44. Option to Extend Term . Tenant shall have three (3) options (each, an “ Option ”) to extend the Term of this Lease (and, in each case, the Term Expiration Date) by five (5) years, in each case on the same terms and conditions as this Lease, except as provided below. If Tenant desires to exercise any Option, Tenant must do so by giving Landlord written notice of such exercise at least one (1) year before the Term would otherwise expire. Tenant may exercise its Option to extend the Term only as to any one or more of the following: (a) the entire Retained Premises, (b) the entire New Whole Building Premises, (c) the entire New Multiple Tenant Building Premises, (d) the Modified Additional Premises, (e) the Swap Premises, (f) the Swing Premises, (g) each full floor of the 755 Premises, and (h) the 765 Expansion Premises. If Tenant fails to exercise an Option with respect to less than all of the Premises and the time to do so has lapsed (or if a Retained Premises Early Termination or a termination pursuant to a Swap Premises Termination Option has occurred), then Tenant shall no longer have an Option with respect to those portions of the Premises for which it failed to exercise an Option. Tenant’s Options for the remaining Premises shall remain in full force and effect.
 
5
 


      9. Condition of Premises . Except as otherwise provided herein, Tenant acknowledges that neither Landlord nor any agent of Landlord has made any representation or warranty with respect to the condition of the 765 Expansion Premises with respect to the suitability of the same for the conduct of Tenant’s business. Tenant acknowledges that (a) it is generally familiar with the condition of the 765 Expansion Premises, notwithstanding anything contained in the Amended Lease to the contrary, agrees to take the 765 Expansion Premises in its condition “as is” as of the applicable delivery date. Tenant’s taking of possession of the 765 Expansion Premises shall, except as otherwise agreed to in writing by Landlord and Tenant, conclusively establish that the same were at such time in good, sanitary and satisfactory condition and repair.
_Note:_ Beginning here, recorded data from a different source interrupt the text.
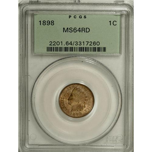 <B>1898 1C MS64 Red PCGS.</B></I> PCGS Population (108/152). NGC Census: (56/93). Mintage: 49,823,080. Numismedia Wsl. Price for NGC/PCGS coin in MS64: $180. (#2201)<BR><BR><b>Shipping:</b> Coins & Currency (<a target="_blank" href="http://www.heritageauctions.com/common/shipping.php">view shipping information</a>)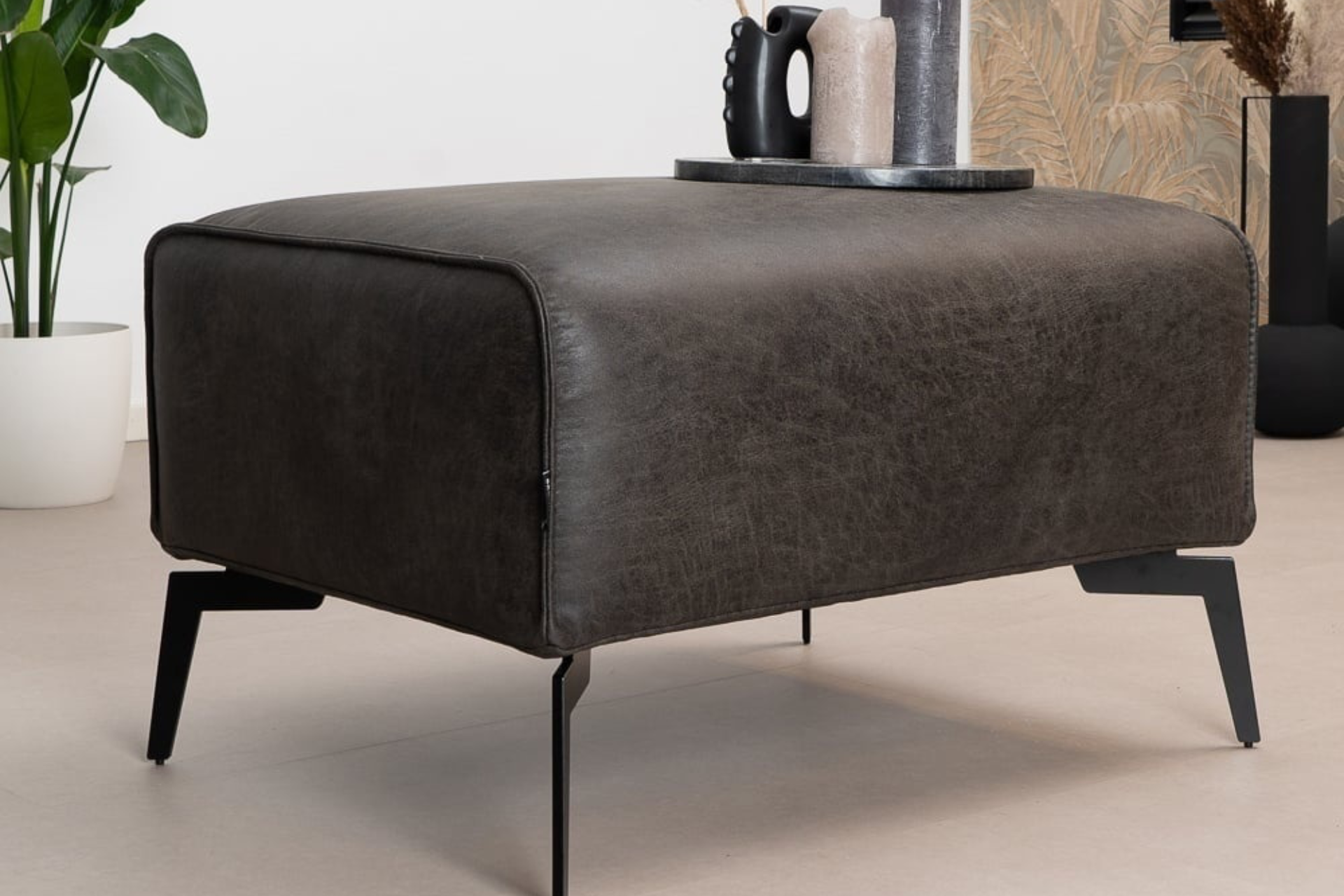 This durable, contemporary, and comfortable pouf in ECO leather has a modern look and therefore fits nicely in an industrial or contemporary interior. In addition to a modern interior, it also looks great with a classic or rustic style. The comfortable footstool can be used as a pouf to extend the Lentur sofas or as a luxurious side table or coffee table in the living room.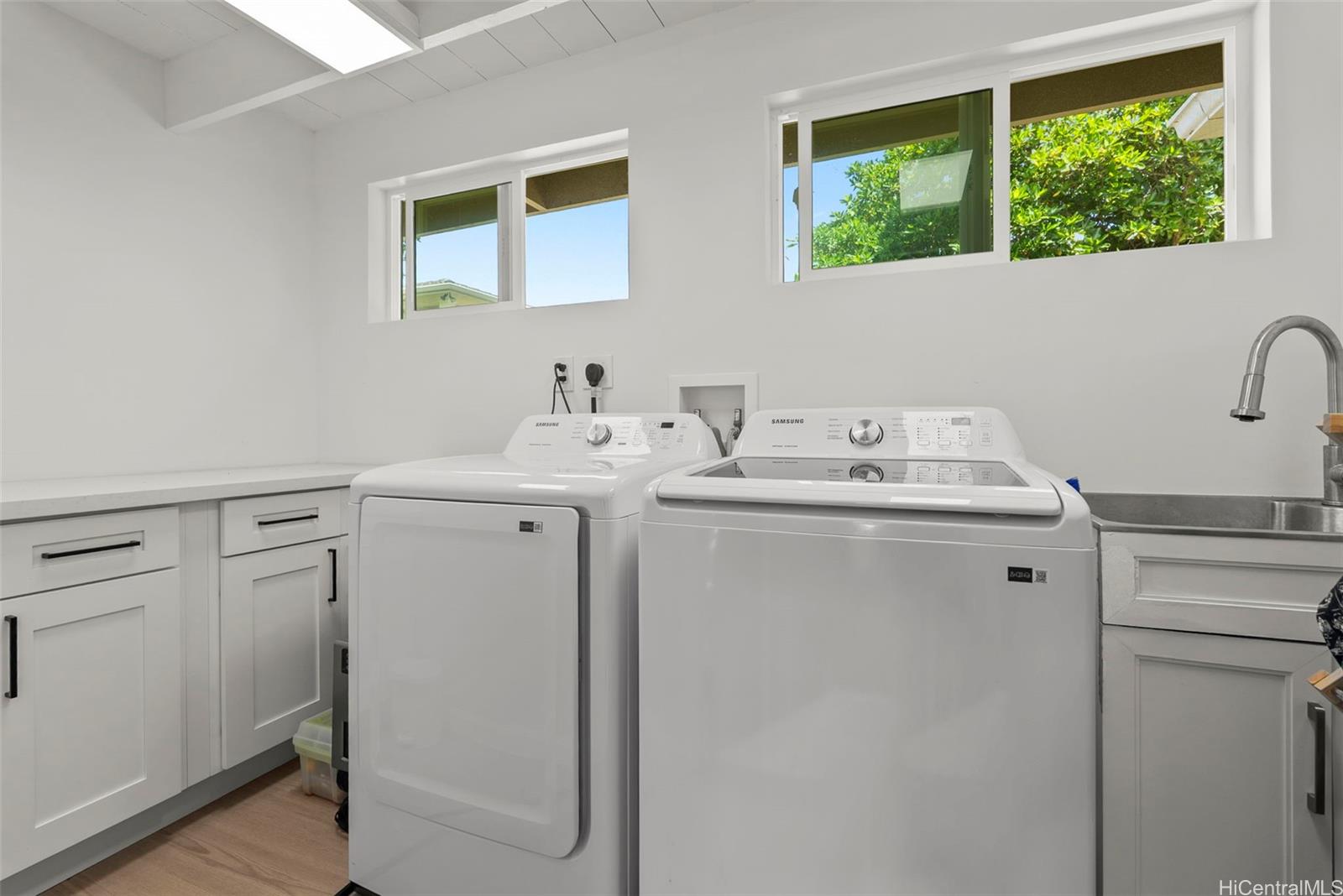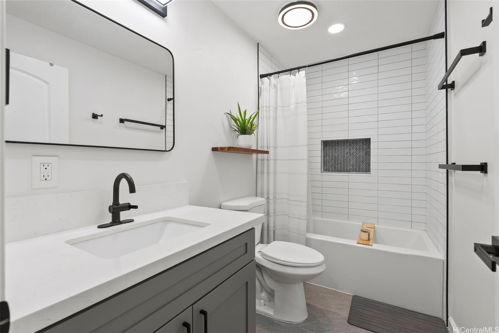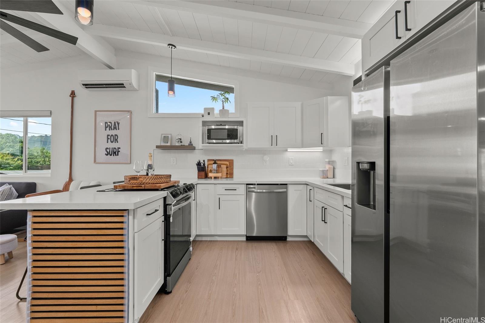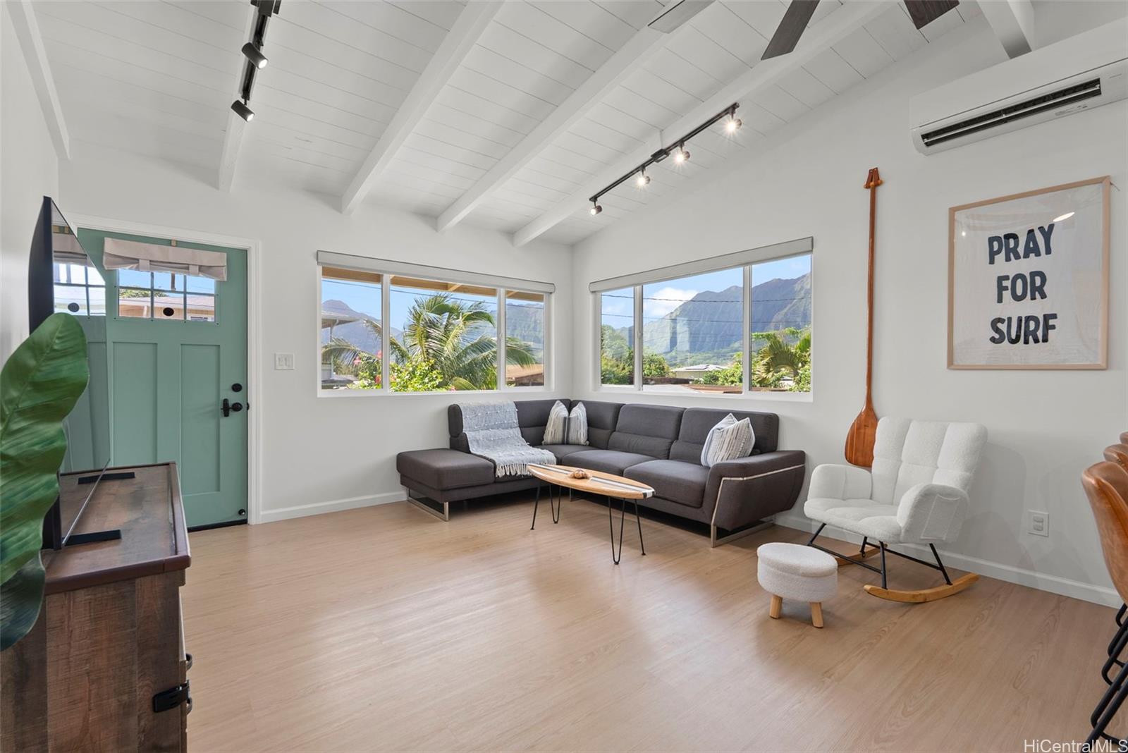 Beautifully renovated, turn key, 4-bed, 2-bath, split level, single family home on a generous 8,127 sqft lot in Kaneohe. Fully renovated kitchen with stainless steel appliances, refreshed bathrooms, split ACs in the living room, entertainment room, primary bedroom, and the room next to the entertainment room. Window ACs in the remaining two bedrooms. Separate washer and dryer room outside by the carport along with a storage room. Carport provides ample space for two vehicles to be fully covered while two additional vehicles can be parked behind. The fully fenced backyard is a tropical escape with mature lychee and orange trees, a young papaya, and fragrant puakenikeni and jasmine trees. Minutes to Windward Mall, Super Target, Kailua Beach, and everyday conveniences, with the stunning Ko’olau Mountains as your backdrop. H-3 access makes island-wide commuting easy, very close to Marine Corps Base Hawaii, access to H-3 takes you across the island for an easy commute to Camp Smith, Joint Base Pearl Harbor Hickam, Tripler, and Fort Shafter. Investor minded owners can turn the entertainment room and attached bedroom into a separate rentable ohana unit. Pictures were enhanced.

Notwithstanding the foregoing, Landlord represents and warrants that the Building Systems in the 765 Expansion Premises (and each Phase thereof) are, and will be, as of the applicable commencement date for each Phase thereof, in good working condition and that the 765 Expansion Premises (and each Phase thereof) are adequately serviced by Utilities and other base building services.
 
      10. Insurance . From and after the Execution Date, the provisions of Section 22 of the Lease shall apply to all Buildings in which the Premises are located at any time during the Term.
 
      11. Hazardous Materials . From and after the Execution Date, the second to last sentence of Section 40.1 of the Lease shall be deleted and replaced in its entirety with the following:
 
Landlord acknowledges that Tenant shall not be responsible for environmental conditions or contamination now or hereafter existing on, under or in the Entire Project, in the New Whole Building, in the New Multiple Tenant Building, in the Retained Premises, in the Modified Additional Premises, in the Swap Premises, in the 755 Premises, in the Swing Premises, or in the 765 Expansion Premises caused by Landlord or tenants other than Tenant or by third parties in the Entire Project prior to the Execution Date or after such date, or for environmental conditions or contamination coming from off-site so long as Tenant, Tenant’s Affiliates, its permitted sublessees or its agents did not cause or contribute to such environmental conditions or contamination.
 
6
 


      12. Broker . Each of Landlord and Tenant represents and warrants to the other that it has not dealt with any broker or agent in the negotiation for or the obtaining of this Sixth Amendment, other than Studley (“ Broker ”) on behalf of Tenant, and each agrees to indemnify, defend and hold the other harmless from any and all cost or liability for compensation claimed by any such broker or agent, other than Broker, employed or engaged by it or claiming to have been employed or engaged by it. Broker is entitled to a leasing commission in connection with this Sixth Amendment, and Landlord shall pay such commission to Broker pursuant to a separate agreement between Landlord and Broker, which commission shall be calculated on the rentable square footage of the 765 Expansion Premises only.
 
      13. No Default; Authority; Non-Contravention . Each of Landlord and Tenant represents, warrants and covenants that, to the best of its respective knowledge, neither Landlord nor Tenant is in default of any of its respective obligations under the Lease and no event has occurred that, with the passage of time or the giving of notice (or both), would constitute a default by either Landlord or Tenant thereunder. Each of Landlord and Tenant further represents, warrants and covenants that it has the full power and authority to execute, deliver and comply with the terms of this Sixth Amendment, and doing so will not conflict with or result in the violation of or default under any provision of any agreement or other instrument to which it is a party.
 
      14. Effect of Amendment . Except as modified by this Sixth Amendment, the Lease and all the covenants, agreements, terms, provisions and conditions thereof shall remain in full force and effect and are hereby ratified and affirmed. The covenants, agreements, terms, provisions and conditions contained in this Sixth Amendment shall bind and inure to the benefit of the parties hereto and their respective successors and, except as otherwise provided in the Lease, their respective assigns. In the event of any conflict between the terms contained in this Sixth Amendment and the Lease, the terms herein contained shall supersede and control the obligations and liabilities of the parties. From and after the date hereof, the term “Lease” as used in the Lease shall mean the Lease, as modified by this Sixth Amendment.
 
      15. Miscellaneous . This Sixth Amendment becomes effective only upon execution and delivery hereof by Landlord and Tenant. The captions of the paragraphs and subparagraphs in this Sixth Amendment are included solely for convenience and shall not be considered or given any effect in construing the provisions hereof. All exhibits hereto are incorporated herein by reference.
 
      16. Counterparts . This Sixth Amendment may be executed in one or more counterparts that, when taken together, shall constitute one original.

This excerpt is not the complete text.